Carla would also be surprised to hear that your concerned about your social skills, because they are a pretty low priority for her. As long as you show up on time, do your work, and don’t derail meetings with a lot of personal conversation, Carla will think you’re fine.
Another thing to remember – Controllers need Stabilizers to get them to slow down and listen to other peoples’ opinions. Controllers tend to think that if something works for them, it will work for everyone. Stabilizers are there to remind them that each person’s life experience shapes their needs.
So what can you do to help your working relationship with Carla? Here are a few suggestions:
- Set meetings to discuss your project (but keep them short!). Carla may seem super busy, but she respects her calendar (it’s the only way to keep track of all the stuff she’s doing!)
- Get comfortable saying things like:
- No, I got it
- I’ll do it, you seem really busy
- That’s not what I was saying
- Don’t forget that Joe needs us to . . .

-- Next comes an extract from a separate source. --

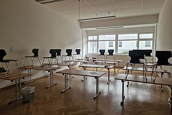 Jetzt um 15:15 Uhr sind alle Stühle hochgestellt, weil jeden Tag hier der Fußboden gereinigt wird. Die jungen Menschen sollen spüren, dass sie willkommen sind und wertgeschätzt werden.

- Don’t be afraid to ask questions – Controllers love to make decisions and demonstrate knowledge. And she will not lose one bit of respect for you (because, let’s be honest, Controllers don’t really respect anyone).
- Do try to get to know Carla as a person – Controllers have a million thoughts flying around in their head and it takes a below midline person to remind them that they are a part of a society with emotions and personal lives and junk like that
- And sometimes, just for fun, rotate your iceberg and start the meeting with “we’ve got a lot to do, let’s get started”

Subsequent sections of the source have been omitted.